Hi! So I created a nlu data file for bot which can tell if certain people are online in my app. Keeping the api process aside, the problem is that when I train " Is Mathew online today?" I’m taking Mathew as a “name” entity and “today” as a timeline and even “online” as present(because i have different dictionary for online and offline). So this creates 3 entities in a single statement. But when i run nlu_model.py it only recognise 2 entity which is “today” and “online” (attendance is just the value i have given leave that).
@Akshit Do you really need online/offline to be an entity? Just by thinking about the logic of such bot, you would probably use the name of the user and a date to check if there any records of login for the user in the database or dictionary that you get (or check in tow different dictionaries you have). In that case, online/offline is not really a helpful entity especially if you would do the same check for both cases. You would have an intent for such questions something like ‘is online’ and extract entities ‘name’ and the check if a person is online of offline would simply happen in a custom action.
Difficult to say why the name doesn’t get extracted originally - chanes are, the aren’t enough training examples to ectract three entities from such short inputs.
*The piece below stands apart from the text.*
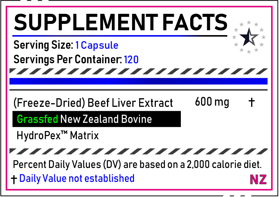 (Freeze-Dried) Beef Liver Extract (New Zealand Bovine) 600mg, Vegetarian Capsule, Rice Flour, Silicon Dioxide, Magnesium Stearate, Hydroxypropyl-β-Cyclodextrin, Piperine, Astragalus Membranaceus, Panax Ginseng
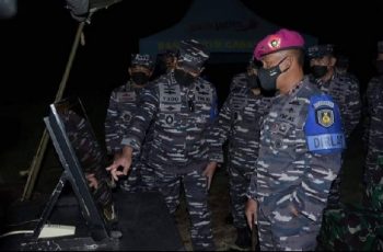 JAWA TIMUR – jurnalpolisi.id Kepala Staf TNI Angkatan Laut (Kasal) Laksamana TNI Yudo Margono, S.E.,M.M. didampingi Komandan Korps Marinir (Dankormar) Mayor Jenderal TNI (Mar) Suhartono meninjau secara langsung Latihan Operasi Dukungan Pasukan Khusus Gabungan (Latopsdukpassusgab) TNI AL Tahun 2021 antara Intai Amfibi (Taifib) Korps Marinir TNI AL dan Komando Pasukan Katak (Kopaska) TNI AL di daerah latihan pertempuran Marinir Banongan Situbondo Jawa Timur. Minggu (22/08/2021). Dikeheningan malam tepat pada hari H jam J, dengan menggunakan 2 Pesawat Udara TNI AL jenis Casa tanpa diketahui musuh para pasukan khusus dari Prajurit Intai Amfibi (Taifib) Marinir dan Komando Pasukan Katak (Kopaska) TNI AL mulai melompat satu persatu dari ketinggian 6000 feet untuk melaksanakan terjun tempur dan Rubber Duck Operation (RDO) menuju titik coordinat Dropping Zone (DZ) di darat dan ditengah laut yang selanjutnya bermanuver dengan senyap menuju sasaran. Latihan gabungan Pasukan Khusus TNI AL kali ini dengan mengusung tema “Prajurit Intai Amfibi (Taifib) Korps Marinir dan Kopaska Koarmada TNI AL, melaksanakan Latihan Operasi Dukungan Pasukan Khusus Gabungan TNI AL TA 2021 di Surabaya, Situbondo dan sekitarnya dalam rangka mendukung tugas pokok Kogab TNI.” Dalam latihan ini seluruh Pasukan Khusus TNI AL melaksanakan materi latihan mulai dari terjun tempur yang dilakasanakan malam hari dengan tujuan mengutamakan faktor kerahasiaan, Rubber Duck Operation (RDO) latihan yang diawali dengan menerjunkan perahu karet dari pesawat selanjutnya para penerjun dengan teknik free fall menyusul mendarat dilaut dengan material perahu karet langsung menuju pantai yang dikuasai musuh mengutamakan faktor kecepatan. Stabo (Suspention Tactical Airbourne Operations) yaitu suatu tehnik pemindahan pasukan lewat udara dengan menggunakan tali yang digantungkan pada helikopter dengan tujuan untuk melaksanakan eksfiltrasi dari suatu tempat dengan cepat. Dari beberapa tehnik tersebut harus dilakukan oleh pasukan khusus yang sudah sangat terlatih karena dalam pelaksanaan suatu operasi sangat dibutuhkan kerahasiaa (Anto D)

Oh i get what you are saying! So help me with this too…just consider there are stages in a customers type like visited, converted, followed up etc so if the question is
“how many leads are converted today?” (basically lead is a potential customer which can be converted to a actual client)
so what should be the entities in this question?
Should i take “lead_type”= created or anything and “timeline” as today,yesterday etc?
But i have given “lead” as an entity lead which i think is not required right?